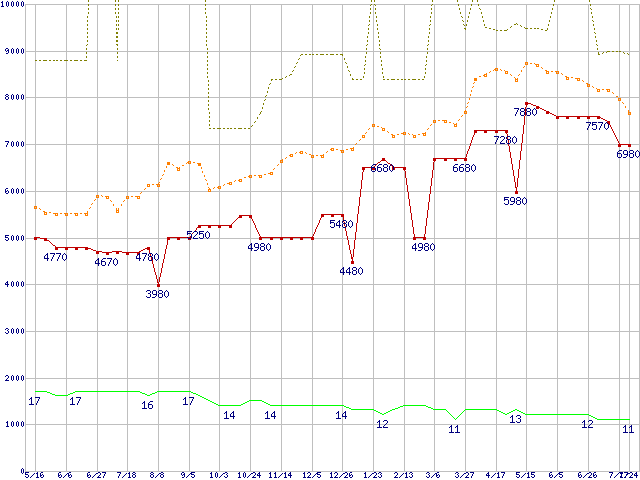 PC3-10600 1GB×3枚組みセットの価格推移↑前グラフ↓次グラフ(2009年5月16日〜2010年7月24日)※このグラフは過去のデータも税率5%相当に調整した税込み相当額のグラフです。 税率変更や、総額表示方式導入(2004年4月)の影響は除いています。●関連グラフメモリ主要製品の最安値推移メモリ主要製品(最安値5千円〜1万円未満)の最安値推移PC3-10600(DDR3-1333) DDR3 SDRAM DIMMの最安値推移●凡例最安値(点線部は販売店未確認または未調査)平均値最高値ショップ数
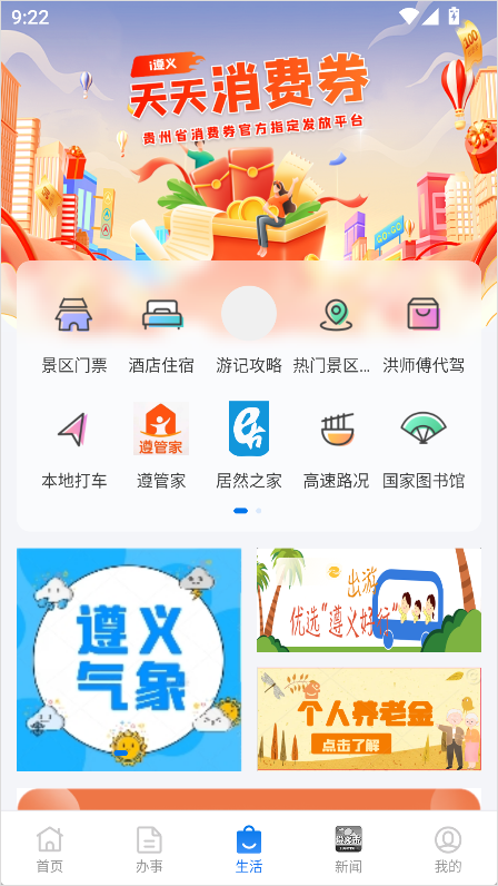 打开i遵义首页,可以看到页面集成了区县部门专区、人才服务、社保相关等常用功能入口。
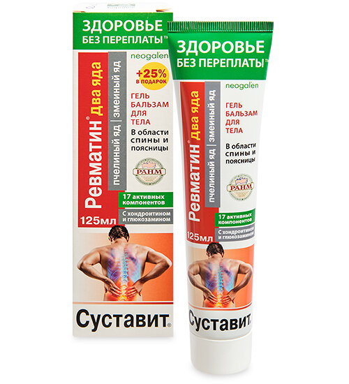 Сервис сравнения цен СкидкаГИД предлагает сравнить цены на товар «Неогален гель-бальзам для тела "суставит.ревматин. пчелиный яд. змеиный яд" "здоровье без переплаты" туба 125мл ООО "КоролёвФарм" (1089041)»
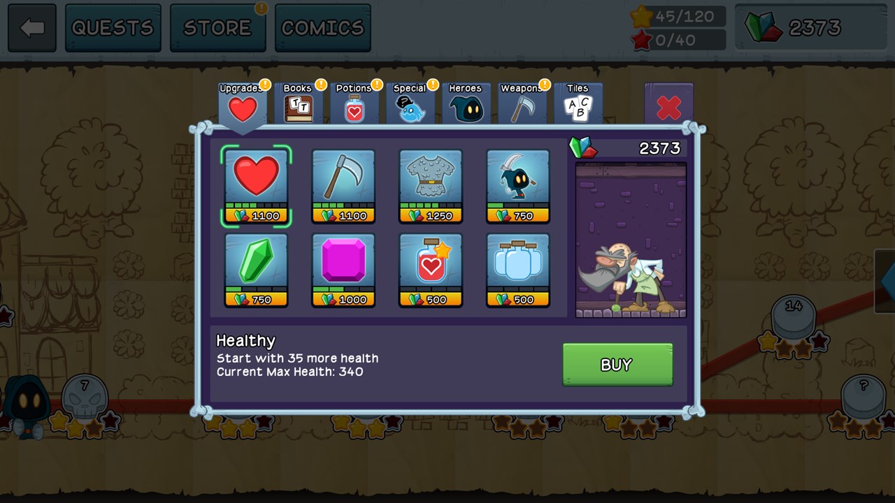 Spell words to battle monsters and earn gems that can be used to purchase upgrades, books, special items, potions, and much more! Letter Quest is a turn-based RPG featuring high-res artwork, clever wordplay, and two great soundtracks. Use your linguistic skills to survive!
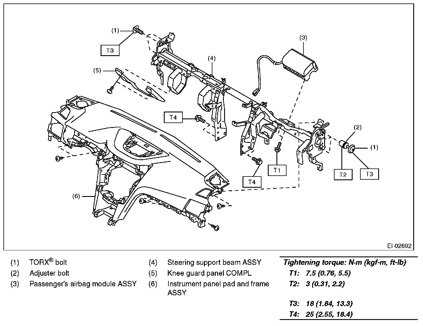 Passenger's airbag module ASSY: 7.5 N.m (0.76 kgf-m, 5.5 ft-lb)
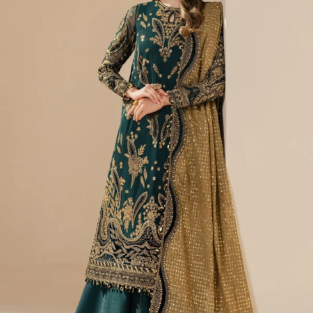 Experience elegance with the EMBROIDERED CHIFFON UC-3094, featuring digitally printed and embroidered chiffon on the front yoke, panels, and sleeves for a refined look. The design is enhanced by embroidered borders on the front, back, and sleeves, complemented by a digitally printed laser-embroidered chiffon dupatta. The dyed rawsilk bottom adds a luxurious finish, making this ensemble perfect for sophisticated occasions.

• _What needs to be done_:
Please repeat the listing precisely, excluding the pictures it contains.

• _Answer to the problem_:
 PC3-10600 1GB×3枚組みセットの価格推移↑前グラフ↓次グラフ(2009年5月16日〜2010年7月24日)※このグラフは過去のデータも税率5%相当に調整した税込み相当額のグラフです。 税率変更や、総額表示方式導入(2004年4月)の影響は除いています。●関連グラフメモリ主要製品の最安値推移メモリ主要製品(最安値5千円〜1万円未満)の最安値推移PC3-10600(DDR3-1333) DDR3 SDRAM DIMMの最安値推移●凡例最安値(点線部は販売店未確認または未調査)平均値最高値ショップ数
 打开i遵义首页,可以看到页面集成了区县部门专区、人才服务、社保相关等常用功能入口。
 Сервис сравнения цен СкидкаГИД предлагает сравнить цены на товар «Неогален гель-бальзам для тела "суставит.ревматин. пчелиный яд. змеиный яд" "здоровье без переплаты" туба 125мл ООО "КоролёвФарм" (1089041)»
 Spell words to battle monsters and earn gems that can be used to purchase upgrades, books, special items, potions, and much more! Letter Quest is a turn-based RPG featuring high-res artwork, clever wordplay, and two great soundtracks. Use your linguistic skills to survive!
 Passenger's airbag module ASSY: 7.5 N.m (0.76 kgf-m, 5.5 ft-lb)
 Experience elegance with the EMBROIDERED CHIFFON UC-3094, featuring digitally printed and embroidered chiffon on the front yoke, panels, and sleeves for a refined look. The design is enhanced by embroidered borders on the front, back, and sleeves, complemented by a digitally printed laser-embroidered chiffon dupatta. The dyed rawsilk bottom adds a luxurious finish, making this ensemble perfect for sophisticated occasions.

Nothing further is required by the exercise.